He says: "an alteristic interpretation offers a more satisfactory answer to the problem of natural evil," and I would agree that what he is presenting takes some things in different and helpful directions. There remain problems though, including ones that he seems to think are resolved with what he is putting forward. This is also an area where he strays into Origenist-sounding territory, for example when he says:

"God cannot immediately return human beings to Paradise without violating their freedom. On the contrary, theistic evolutionists have to admit that God placed humans in the world full of death and suffering by default, without any decisions on this matter from them, although he could have made them perfect and immortal from the very beginning."

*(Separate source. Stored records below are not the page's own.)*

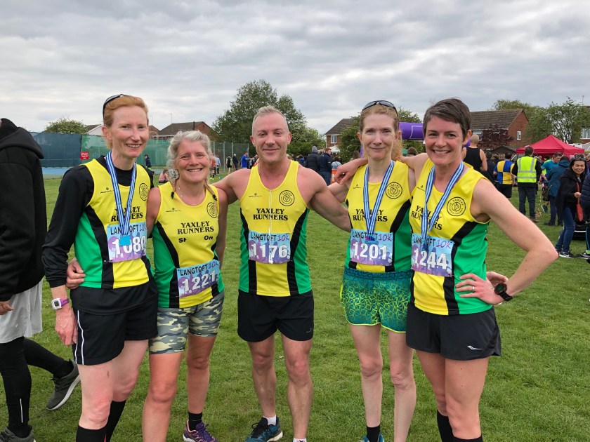But… it turns out I could get another personal best. And, um, not just one. In May, three weeks after Boston marathon, I knocked over a minute off my 10k time at Langtoft Road Run. I love this race. Flat country lanes, wisteria clad cottages, and the weather was ideal: cloudy and cool. My legs felt rested and the pace (6:45 minutes a mile) felt just the right side of too hard. Nothing really hurt until the last mile and then there was NO WAY I was slowing down and letting it go. A pb! My first personal best since joining Yaxley Runners in 2016.
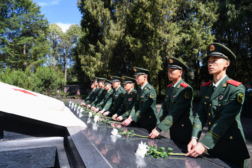 ↑武警四川总队巴中支队官兵到川陕革命根据地红军烈士陵园缅怀红军英烈。王百越 摄
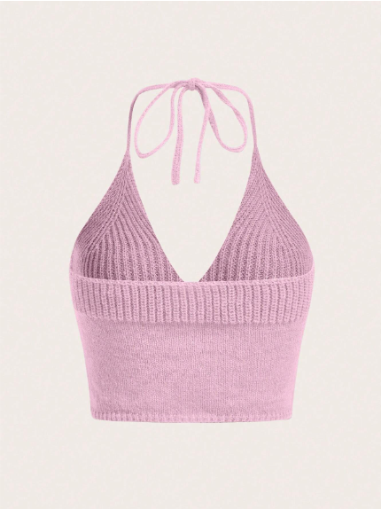 Color: Rosa Estilo: Casual Tipo de Estampado: Geométrico Escote: Halter Detalles:
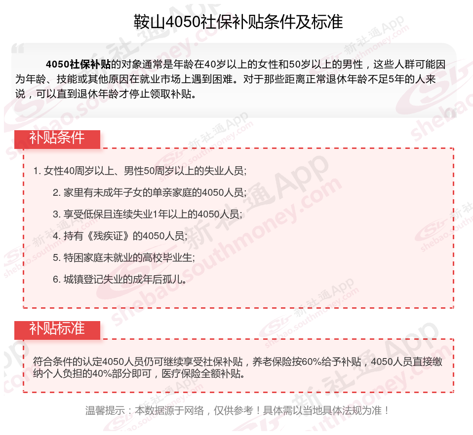 一、2025年鞍山4050社保补贴标准是怎么样的?鞍山4050一年可拿多少钱?
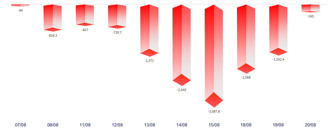 FOREIGN NET FLOW 10 NEAREST SESSIONS (BILLION VND)
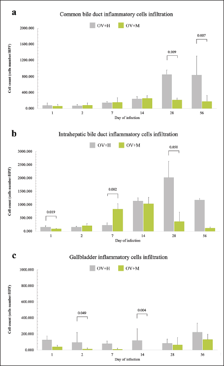 Fig. 3. A comparison of inflammatory cell infiltration at the biliary and GB area of the hamsters and mice infected with O. viverrini from 1 to 56 days. (a) CB. (b) IHB. (c) GB. The comparison data was illustrated with a significant difference, p < 0.05. In the IHB, the inflammatory pattern in both the short and long term exhibited a similar trend to that observed in the CB. On the first day of infection, a significantly high number of infiltrating leukocytes was detected in the OV+H group (p=0.019), but this number declined by day 2 post-infection. At day 7 post-infection, the average number of infiltrating leukocytes in the OV+M group was significantly higher than in the OV+H group (p=0.022). However, at later infection periods (14, 28, and 56 d.p.i.), a higher number of inflammatory cells were detected in the OV+H group. The maximum number of leukocyte infiltrations was significantly found at day 28 (p=0.050) (Fig. 3b). Regarding the GB, minimal levels of inflammation were observed in both the OV+H and OV+M groups. However, a higher infiltration of inflammatory cells was observed in infected hamsters compared to mice. The significantly highest inflammation was found on days 2 and 14 in the OV+H group (p=0.049 and 0.004, respectively) (Fig. 3c). These results indicate that the inflammatory response in the IHB and GB differs between the OV+H and OV+M groups. While the OV+H group exhibits a higher number of infiltrating leukocytes in the IHB and GB during the later stages of infection, the OV+M group shows a relatively higher number of inflammatory cells in the IHB during the early phase of infection. DiscussionOpisthorchis viverrini is classified by the International Agency for Research on Cancer [28] as a Group I biological carcinogen to humans, specifically causing bile duct lesions and cholangiocarcinoma (Group 1) (IARC, 1994). Chronic inflammation resulting from O. viverrini infection is believed to be a risk factor for severe biliary abnormalities (Aksorn et al., 2018; Sripa et al., 2009). This phenomenon typically appears in different locations along the biliary tree (Pungpak et al., 1985; Riganti et al., 1989; Sripa and Kaewkes, 2002). Unfortunately, some individuals affected by O. viverrini infection may ultimately develop cholangiocarcinoma (Ghouri et al., 2015; Parkin et al., 2010; Sripa and Pairojkul, 2008). This bile duct cancer can be classified into 3 subtypes based on anatomical locations: intrahepatic type (iCCA) which develops from either large or small IHBs; perihilar (pCCA), located at the hilar region, and distal CCA (dCCA) arising from the extrahepatic bile duct (EHB) (Bragazzi et al., 2018; Sarcognato et al., 2021). The severity of lesions and symptoms appears to be associated with individual susceptibility, both in human and animal models (Boonmars et al., 2009; Choi et al., 2003; Chung et al., 2004; Khuntikeo et al., 2018). In this study, a systematic investigation of the inflammatory response in different biliary locations and susceptible/non-susceptible animal models was conducted, revealing that O. viverrini infection leads to more severe inflammation in the susceptible hamster model compared to the non-susceptible mouse model. Among the different biliary locations, the inflammation in the IHB was found to be particularly intense. These results suggest that hosts susceptible to O. viverrini infection experience more severe inflammation, especially in the IHB area. Inflammatory cell infiltration including neutrophils, eosinophils, macrophages, lymphocytes, and mast cells, is commonly observed in areas infected by O. viverrini (Bhamarapravati et al., 1978; Lvova et al., 2012; Sripa et al., 2018; Suyapoh et al., 2021a). Studies have reported minimum reactions with neutrophils, macrophages, eosinophils, and lymphocytes in hamsters, occurring in the EHB including CB and GB on days 1–7 of infection (Sripa and Kaewkes, 2002). This suggests that the inflammation may be a response to the migration of juvenile liver fluke [3, 37]; and the secretory antigens by immature parasites [38], the first-line defense mechanisms such as mucus hypersecretion (Kaewkes and Sripa, 2004; Nithikathkul et al., 2007), and the mucosal immune response in bile fluid, specifically involving IgA and IgE (Wongratanacheewin et al., 1988). During migration, immature fluke reaches the IHB and induces a slightly inflammatory response with neutrophils and eosinophils (Bhamarapravati et al., 1978; Sripa and Kaewkes, 2000). As the flukes develop into adult worms, they are commonly detected in the larger ducts of the intrahepatic biliary tree (Pungpak et al., 1985; Pungpak et al., 1989). Mature O. viverrini worms induce strongly cell-mediated immune responses in the periductal area (Bhamarapravati et al., 1978; Sripa et al., 2018). Various animal studies have described patterns of leukocyte infiltration, where chronic inflammation with intense mononuclear cells, a moderate number of eosinophils, and mast cells are detected after a week post-infection (Bhamarapravati et al., 1978; Sripa and Haswell, 2021; Sripa and Kaewkes, 2000). In heavy infection with O. viverrini, the worms can be found in other locations, including EHB, PD, GB, and CB (Pungpak et al., 1985; Pungpak et al., 1989). The adult helminths are more frequently detected in GB than in the CB, likely due to the larger space available in the GB. Gross findings may reveal thickening, opacity, and dilatation of the GB (Boonmars et al., 2009; Wonkchalee et al., 2011). Microscopically, mild-to-moderate infiltrations of eosinophils and mononuclear cell infiltration can be seen 7–14 d.p.i. (Sripa and Kaewkes, 2002). The severity of inflammation depends on the number of flukes in close contact with the mucosal surface of those organs (Sripa and Kaewkes, 2002). The mechanisms of hepatobiliary inflammation initiated by adult flukes of O viverrini are multi-factorial and involve various factors, including mechanical damages, bacterial colonization,

Is he here implying that each of us coming into a world of sin is justified because he somehow merited or earned or reaped it before the existence of the universe? That would go against orthodox doctrine as I understand it. One orthodox way of putting it is that we all sinned in Adam/Eve, that we weren't just descended from them but in some way also sinned with them and were in them. That's all very vague, but if something like that is what he means to say, I don't see how either his POV or that he attributes to Western theology escape the problem he mentioned above. It's also worth pointing out that God does in fact violate our freedoms, at least in the manner he is discussing. Even St. Gregory of Nyssa, who he references frequently, says so explicitly in some places (such an idea in his On Infants Early Death was mentioned not too long ago).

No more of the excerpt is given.